Quantized releases are provided separately:

- `JosephKBS/onca-1.0-9B-Int8`
- `JosephKBS/onca-1.0-9B-Int4`

## License

This release is provided under the Apache 2.0 license. Users should also review the license and usage terms of the upstream base model and any referenced datasets or benchmarks.

## Citation

If you use Onca 1.0, please cite the accompanying manuscript when publicly available.
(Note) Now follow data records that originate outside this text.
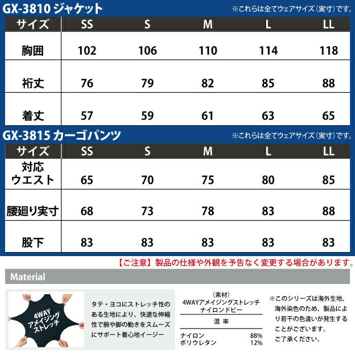作業服 秋冬用 コーコス 上下セット GX-3810 4WAYストレッチジャケットSS-LL と GX-3815 4WAYストレッチカーゴパンツ SS-LL 作業着 作業ズボン
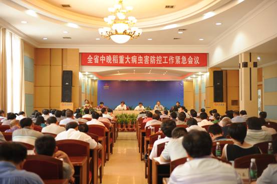 8月10日,全省中晚稻重大病虫害防控工作紧急会议在长沙召开。会议的主要目的是总结交流早中稻重大病虫防控工作经验,分析当前中晚稻重大病虫害发生形势,进一步研究部署中晚稻病虫害防控工作。邵阳市、醴陵市、沅江市等3个市县在会上作了交流发言。省农业厅粮油处许靖波处长、省农药检定所吴志华副调研员应邀出席了会议。省植保植检站欧高财站长结合我省当前中晚稻病虫发生形势,对下阶段的防控工作做了安排部署。省农业厅副厅长李志纯出席会议并作了重要讲话。
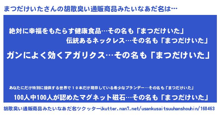 | 意味不明あだ名 | 『自称まつだけいた』 |
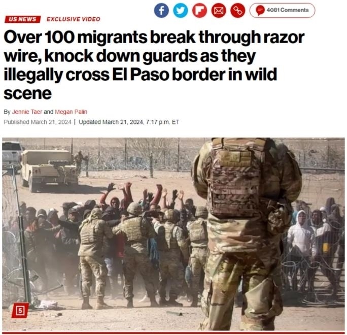 中新網(wǎng)3月22日電 綜合外媒報道,當(dāng)?shù)貢r間21日,在得克薩斯州邊境墻附近,有上百名非法移民沖破鐵絲網(wǎng)試圖非法進(jìn)入美國。他們撞倒得州國民警衛(wèi)隊(duì)成員,試圖越過美墨邊境,場面一度十分混亂。
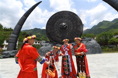 11日,通城縣大坪鄉(xiāng)內(nèi)沖瑤族村瑤望千年廣場(chǎng),游客身著鮮艷服裝,開始錄制抖音。
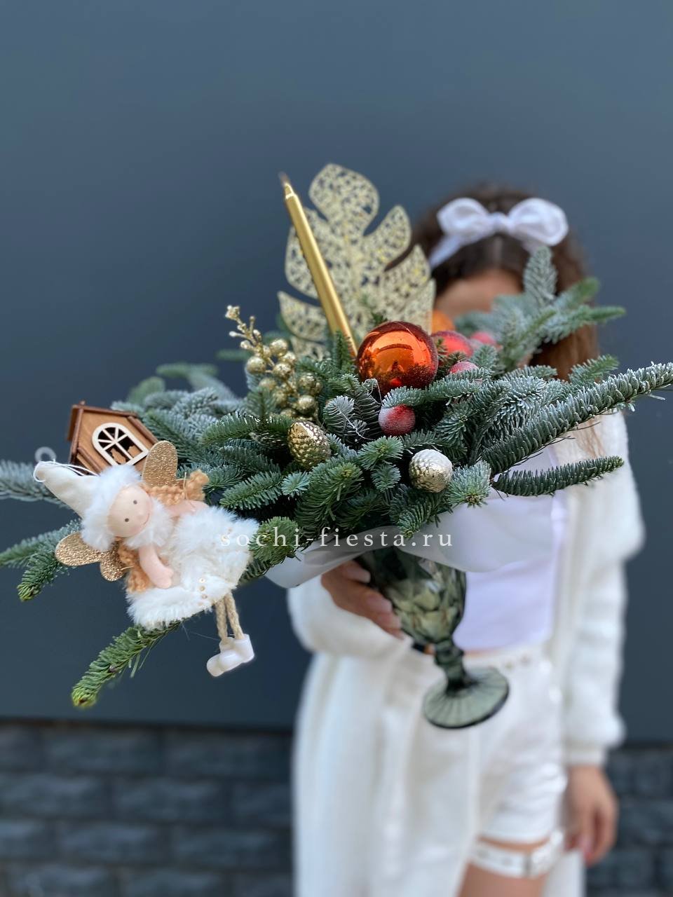 нобилис, бокал, оазис, свечи, новогодние игрушки, декор ВНИМАНИЕ! Готовая композиция (декор) может иметь незначительные внешние отличия от примера на фотографии.
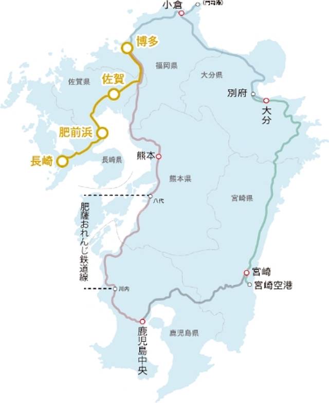 驶离博多站,列车下一站目的地是长崎本线,中途乘客将在车上享用午餐。中途还会在肥前滨站停留较长时间。该地历史悠久,云集了众多日本酒酿酒厂。在有明海的陪伴下,列车继续向长崎开去。在“36+3”线路中仅有长崎至博多段在晚餐时段运行。
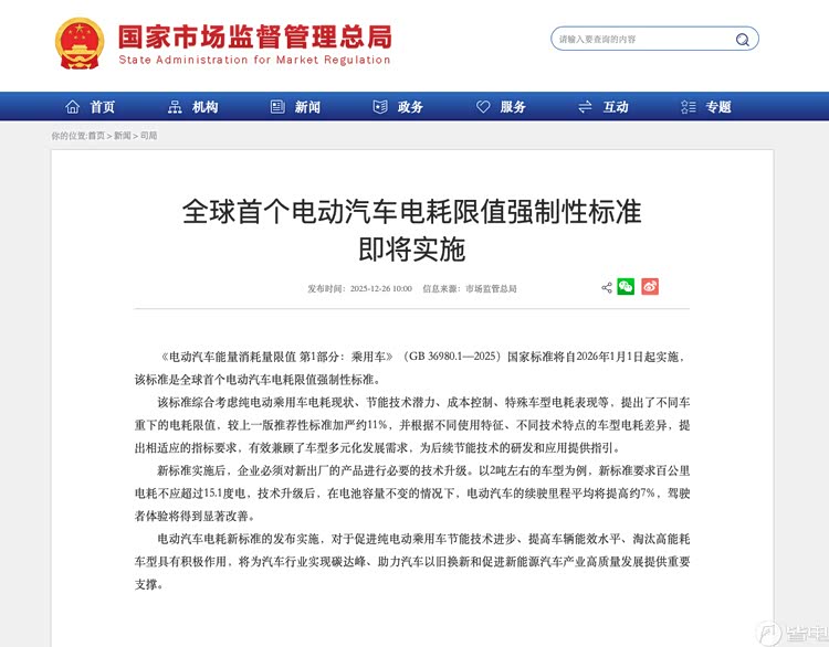 车家号·0浏览·2025-12-26 15:56 · 广东12月26日消息,据央视新闻报道,《电动汽车能量消耗量限值第1部分:乘用车》国家标准将于2026年1月1日正式实施,这是全球首个电动汽车电耗限值强制性标准,将推动新能源汽车产业向高效节能方向高质量发展。
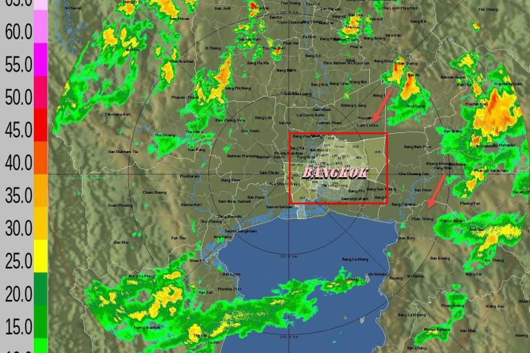 ทั้งนี้ จากภาพเรดาร์ จะเห็นมีกลุ่มฝนกระจายอยู่รายล้อมกทม.และปริมณฑล แต่พบมีเฉพาะทางด้านขวามือของภาพที่คาดว่าจะมีผลกระทบกับพื้นที่กทม. ซึ่งต้องลุ้นกันว่าในค่ำคืนนี้จะเข้าพื้นที่ กทม.หรือไม่
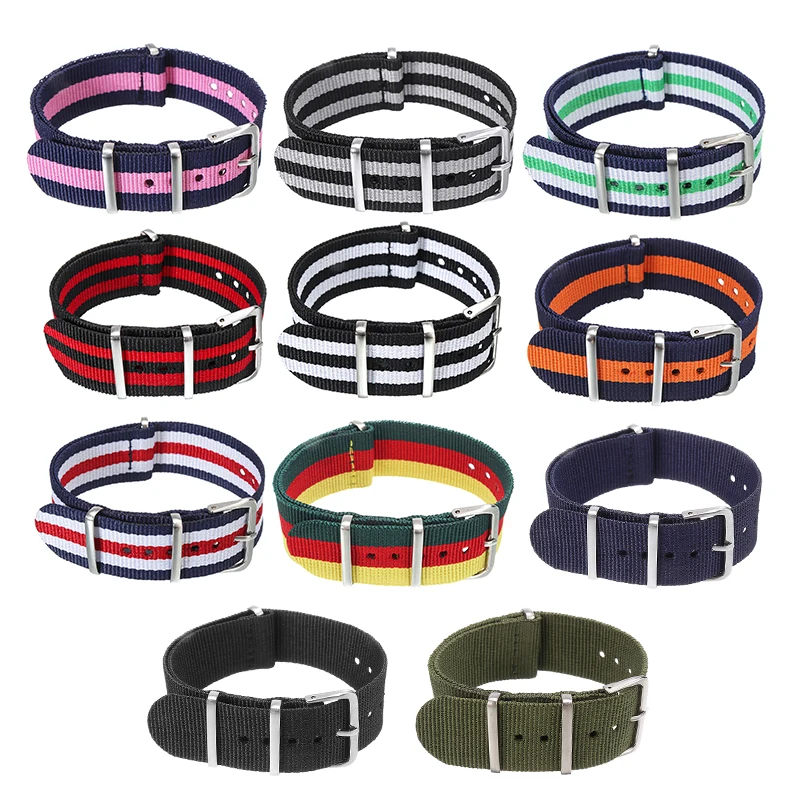 Ремешок для часов из нейлоновой ткани, с цветной пряжкой, 182022 мм
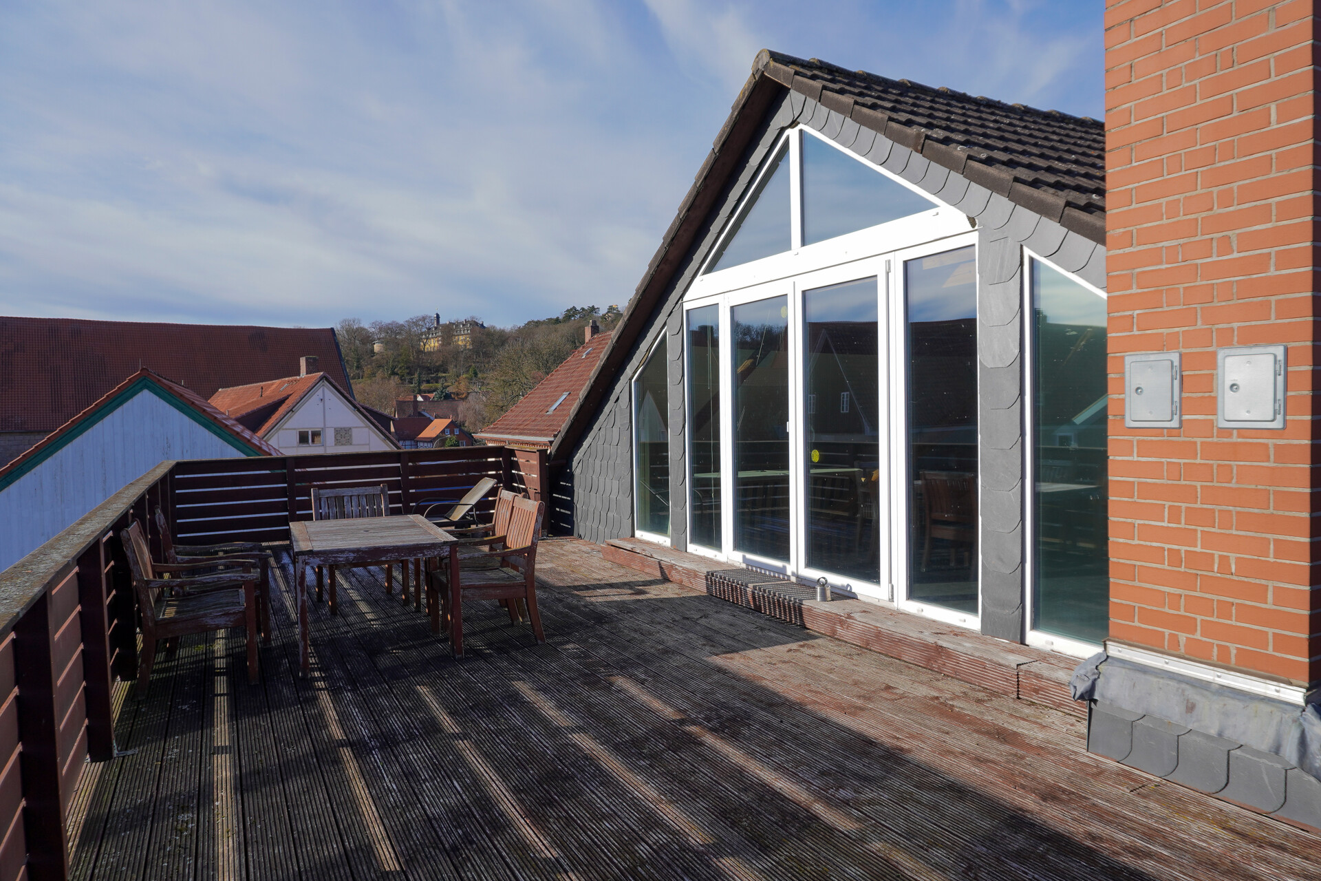 Die Struktur des Hauses macht eine sofortige Weiterführung des Hotelbetriebes möglich. Das renovierte Dachgeschossapartment mit Wohnzimmer, Dachterrasse, Schlafzimmer mit Ankleide, Kinderzimmer, Küche und Bad bietet zusätzlichen Wohnraum oder eine attraktive Vermietungsmöglichkeit. Vom Dach eröffnet sich ein weiter Blick über Liebenburg bis zum Brocken.

A temporary reference is:

```bibtex
@misc{shim2026onca,
  title  = {Onca: An Open 9B Language Model for Pancreatic Cancer Clinical Tasks},
  author = {Shim, Kwan Bo},
  year   = {2026},
  note   = {Preprint in preparation}
}
```

## Acknowledgments

This project builds on the work of the Qwen and Qwopus model developers, as well as the many institutions and open-data contributors who created and maintained the public datasets used in training and evaluation.